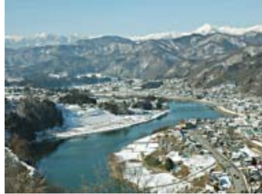
信州新町地域と犀川 冬の風景

標高は約420m～1,160mと高低差があり、地勢は起伏に富んだ山間急傾斜地帯です。気象は夏に涼しく、冬は冷え込む気候です。
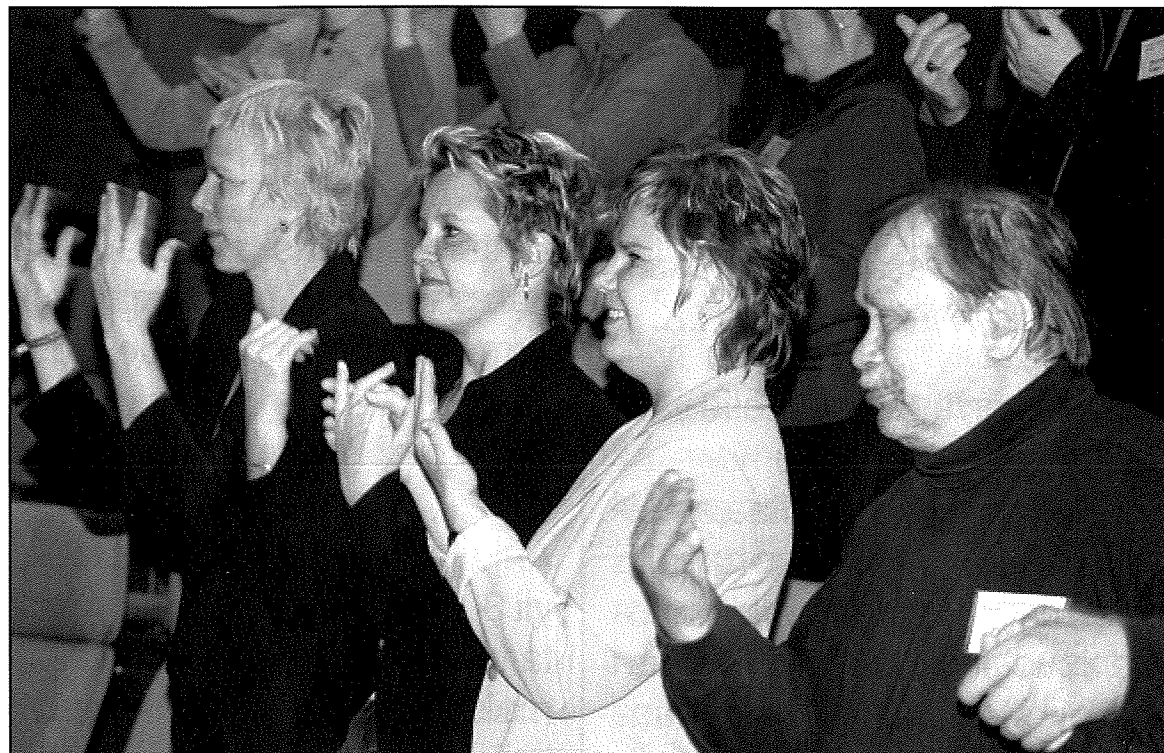
Yleisö eläytyi mukaan Teatteri Törmäyksen avajaisesitykseen.
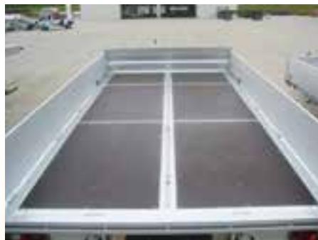
Sonderausstattungen: Mittel-Zugschiene mit hochziehbaren Zurrbügeln, Bodenrahmen vorne und hinten mit Sicke und Zurrbügel
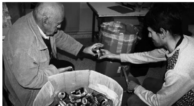
El Centro Ocupacional sigue comprometido con el reciclaje.
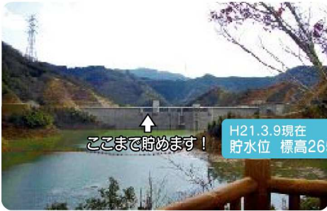
↑ ここまで貯めます！

太田川の治水・利水・環境用水の確保の目的で、建設中の太田川ダムについてご紹介します・・・
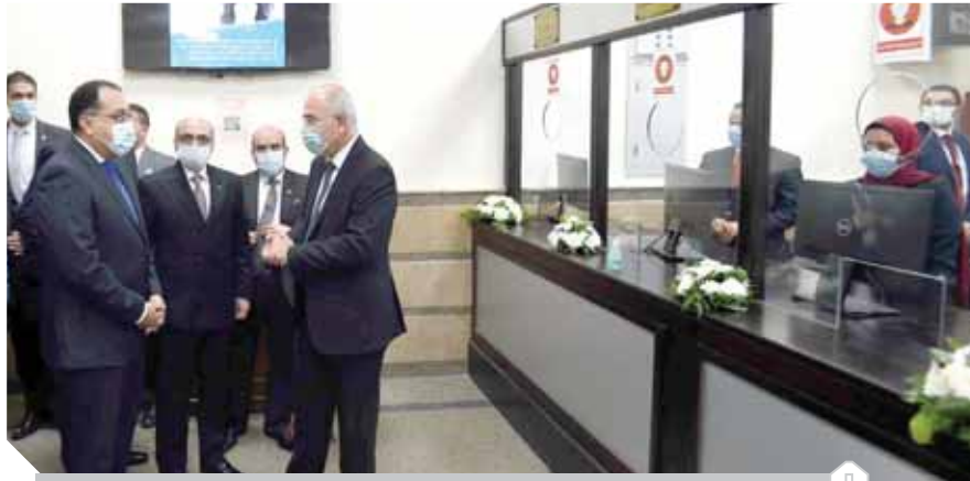
رئيس الوزراء يتفقد أعمال تطوير مجمع محاكم عابدين

تفقد رئيس الوزراء سيارة التوثيق المتقل المتابعة لمصلحة الشهر العقاري والتوثيق، حيث تمت الإشارة إلى أن هذه السيارة تقوم بتقديم مختلف خدمات التوثيق والدعم لمكاتب التوثيق، وكذا معاملات الانتقال للأشخاص والشركات، وذلك وفقاً للكثافات، بما يساهم في التيسير على المواطنين الراغبين في الحصول على خدمات التوثيق، ويأتي ذلك في إطار دعم وتطوير الخدمات المقدمة للمواطنين.
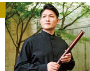
瀧北崇山(尺八奏者)
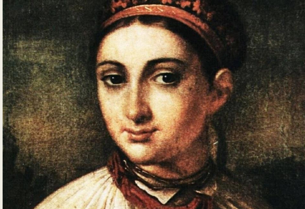
«Українська дівчина з Поділля»,
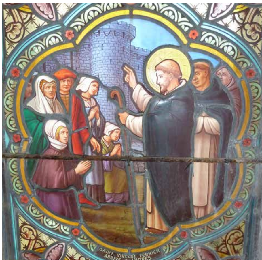
Vitrail de l'ancienne chapelle Saint-Paul, Vannes.

À la fin du mois de décembre, Vincent Ferrer arrive à Angers où il séjourne un mois au couvent des dominicains. Il est désormais aux portes de la Bretagne. Le 8 février 1418, il arrive à Nantes, il y reste une vingtaine de jours. La route vers Vannes, où l'attend le Duc, est désormais tracée, Guérande, Redon, Questembert.
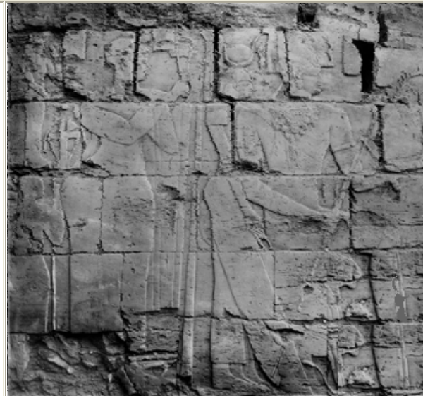
Représentation de la reine Shanakdakhete (170)

La Reine Hatchepsout a fait retracer sur les murs d'un temple d'Amon (pyramide Beg. No 6 de Méroé) qu'elle a fait construire, l'expédition qu'elle avait envoyée à Pount (ville nubienne). On peut y voir la reine candace Aminishakhete dont l'obésité affichée est signe de sa prestance et de son haut rang dans le domaine social et politique.
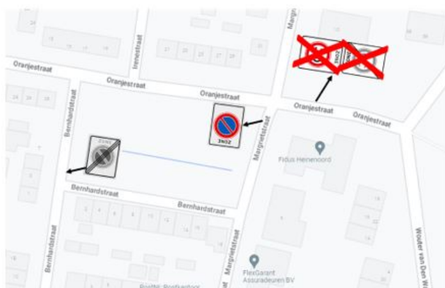
Aanpassing van de bebording op de Bernhardstraat, Margrietstraat en Oranjestraat.
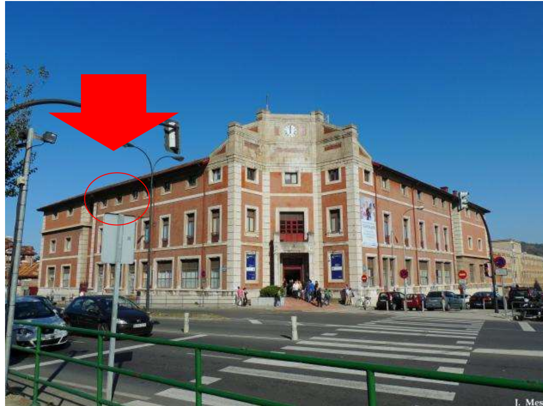
FOTO DEL PABELLON

Donde convivimos y Trabajamos estrechamente
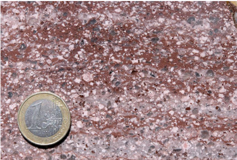
Platte aus Leisberg-Porphyr aus dem stillgelegten Steinbruch Baden-Baden

Der Leisberg-Porphyr ist ein roter bis hellvioletter, porphyrischer Rhyolith. Das stellenweise gebleichte Gestein zeigt eine plattige bis bankige Ausbildung, die auf eine Ablagerung in Deckenergüssen oder Lavaströmen schließen lässt. Die dichte feinkristalline Grundmasse enthält 1–5 mm große Einsprenglinge aus Feldspat und Quarz, seltener tritt Pinit und Biotit auf. Mikroskopische Untersuchungen von Maus (1967) erbrachten, dass das Gestein aus 15–19 Vol.-% Feldspat, 5–12 Vol.-% Quarz, 1–3 Vol.-% Pinit, 0–1 Vol.-% Biotit und 70 Vol.-% Grundmasse besteht. Die Kristalle der Einsprenglinge zeigen meist xeno- bis hypidiomorphe Formen. Feldspateinsprenglinge besitzen eine weißlich gelbe Färbung, die von einer Serizitisierung herrührt. Hierdurch werden die Feldspäte verwitterungsanfällig, und es bleiben auf der Verwitterungsoberfläche kleine rechteckige Vertiefungen im Gestein zurück. Die grauen Quarzkristalle weisen meist eine gerundete Form auf, die auf eine Korrosion der Einsprenglinge in der Schmelze zurückzuführen ist. Geochemisch handelt es sich beim Quarzporphyr in der Senke von Baden-Baden um einen Rhyolith (s. Tabelle).
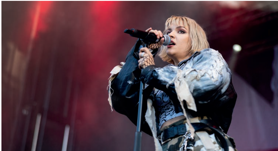
Umeås egen världsstjärna Tove Styrke avslutade Jubileumsdagen.
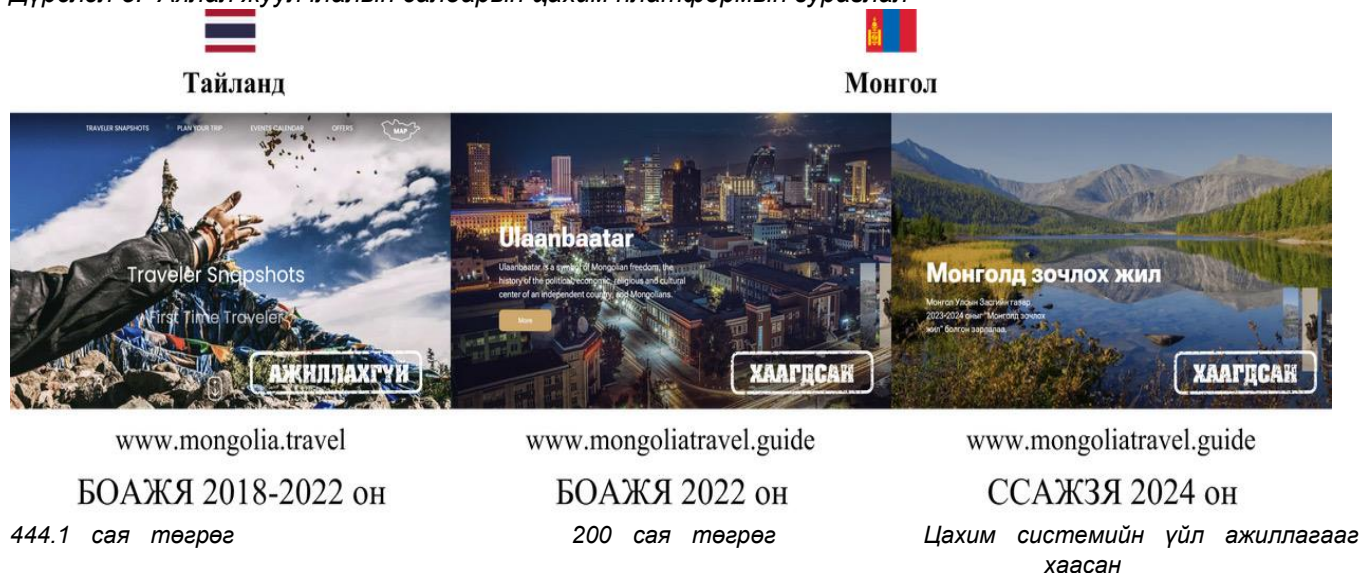
Дүрслэл 5. Аялал жуулчлалын салбарын цахим платформын зураглал
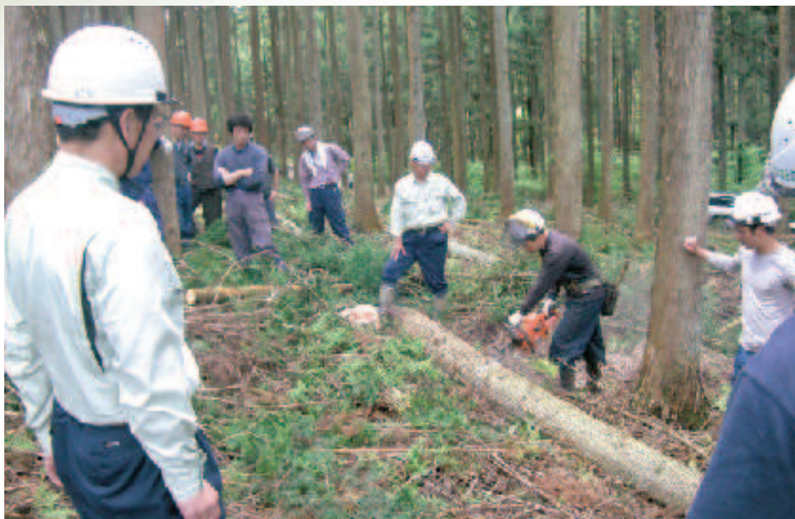
伐倒と造材の講習会
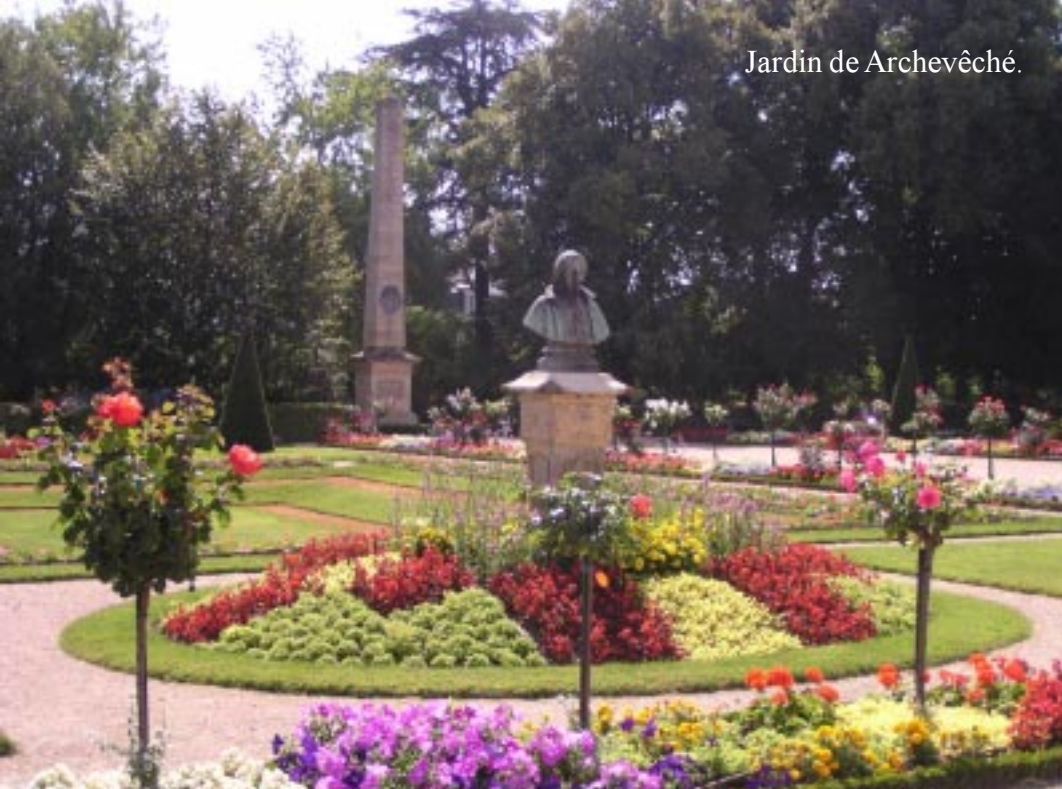
Jardin de Archevêché.
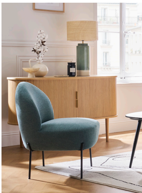
BELEY - 199.99 €
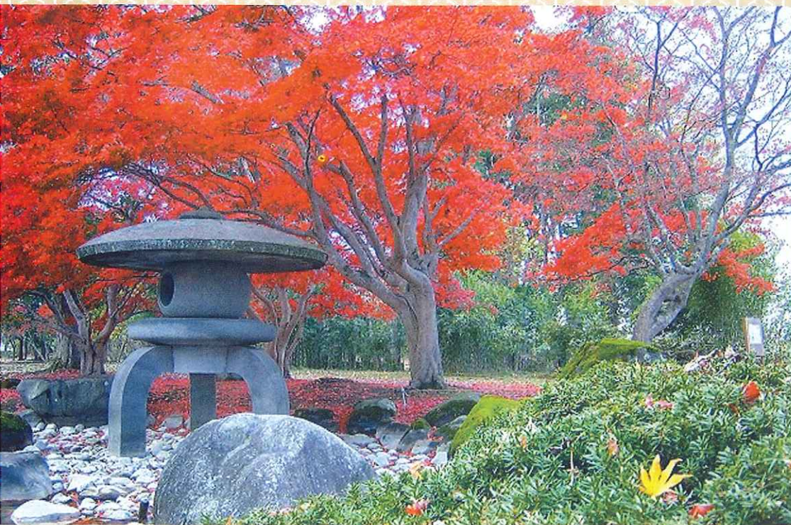
旧池田氏庭園 主庭
---------------
## What to produce
Return all the records exactly. Skip the pictures.

## Exercise answer
信州新町地域と犀川 冬の風景

標高は約420m～1,160mと高低差があり、地勢は起伏に富んだ山間急傾斜地帯です。気象は夏に涼しく、冬は冷え込む気候です。
Yleisö eläytyi mukaan Teatteri Törmäyksen avajaisesitykseen.
Sonderausstattungen: Mittel-Zugschiene mit hochziehbaren Zurrbügeln, Bodenrahmen vorne und hinten mit Sicke und Zurrbügel
El Centro Ocupacional sigue comprometido con el reciclaje.
↑ ここまで貯めます！

太田川の治水・利水・環境用水の確保の目的で、建設中の太田川ダムについてご紹介します・・・
رئيس الوزراء يتفقد أعمال تطوير مجمع محاكم عابدين

تفقد رئيس الوزراء سيارة التوثيق المتقل المتابعة لمصلحة الشهر العقاري والتوثيق، حيث تمت الإشارة إلى أن هذه السيارة تقوم بتقديم مختلف خدمات التوثيق والدعم لمكاتب التوثيق، وكذا معاملات الانتقال للأشخاص والشركات، وذلك وفقاً للكثافات، بما يساهم في التيسير على المواطنين الراغبين في الحصول على خدمات التوثيق، ويأتي ذلك في إطار دعم وتطوير الخدمات المقدمة للمواطنين.
瀧北崇山(尺八奏者)
«Українська дівчина з Поділля»,
Vitrail de l'ancienne chapelle Saint-Paul, Vannes.

À la fin du mois de décembre, Vincent Ferrer arrive à Angers où il séjourne un mois au couvent des dominicains. Il est désormais aux portes de la Bretagne. Le 8 février 1418, il arrive à Nantes, il y reste une vingtaine de jours. La route vers Vannes, où l'attend le Duc, est désormais tracée, Guérande, Redon, Questembert.
Représentation de la reine Shanakdakhete (170)

La Reine Hatchepsout a fait retracer sur les murs d'un temple d'Amon (pyramide Beg. No 6 de Méroé) qu'elle a fait construire, l'expédition qu'elle avait envoyée à Pount (ville nubienne). On peut y voir la reine candace Aminishakhete dont l'obésité affichée est signe de sa prestance et de son haut rang dans le domaine social et politique.
Aanpassing van de bebording op de Bernhardstraat, Margrietstraat en Oranjestraat.
FOTO DEL PABELLON

Donde convivimos y Trabajamos estrechamente
Platte aus Leisberg-Porphyr aus dem stillgelegten Steinbruch Baden-Baden

Der Leisberg-Porphyr ist ein roter bis hellvioletter, porphyrischer Rhyolith. Das stellenweise gebleichte Gestein zeigt eine plattige bis bankige Ausbildung, die auf eine Ablagerung in Deckenergüssen oder Lavaströmen schließen lässt. Die dichte feinkristalline Grundmasse enthält 1–5 mm große Einsprenglinge aus Feldspat und Quarz, seltener tritt Pinit und Biotit auf. Mikroskopische Untersuchungen von Maus (1967) erbrachten, dass das Gestein aus 15–19 Vol.-% Feldspat, 5–12 Vol.-% Quarz, 1–3 Vol.-% Pinit, 0–1 Vol.-% Biotit und 70 Vol.-% Grundmasse besteht. Die Kristalle der Einsprenglinge zeigen meist xeno- bis hypidiomorphe Formen. Feldspateinsprenglinge besitzen eine weißlich gelbe Färbung, die von einer Serizitisierung herrührt. Hierdurch werden die Feldspäte verwitterungsanfällig, und es bleiben auf der Verwitterungsoberfläche kleine rechteckige Vertiefungen im Gestein zurück. Die grauen Quarzkristalle weisen meist eine gerundete Form auf, die auf eine Korrosion der Einsprenglinge in der Schmelze zurückzuführen ist. Geochemisch handelt es sich beim Quarzporphyr in der Senke von Baden-Baden um einen Rhyolith (s. Tabelle).
Umeås egen världsstjärna Tove Styrke avslutade Jubileumsdagen.
Дүрслэл 5. Аялал жуулчлалын салбарын цахим платформын зураглал
伐倒と造材の講習会
Jardin de Archevêché.
BELEY - 199.99 €
旧池田氏庭園 主庭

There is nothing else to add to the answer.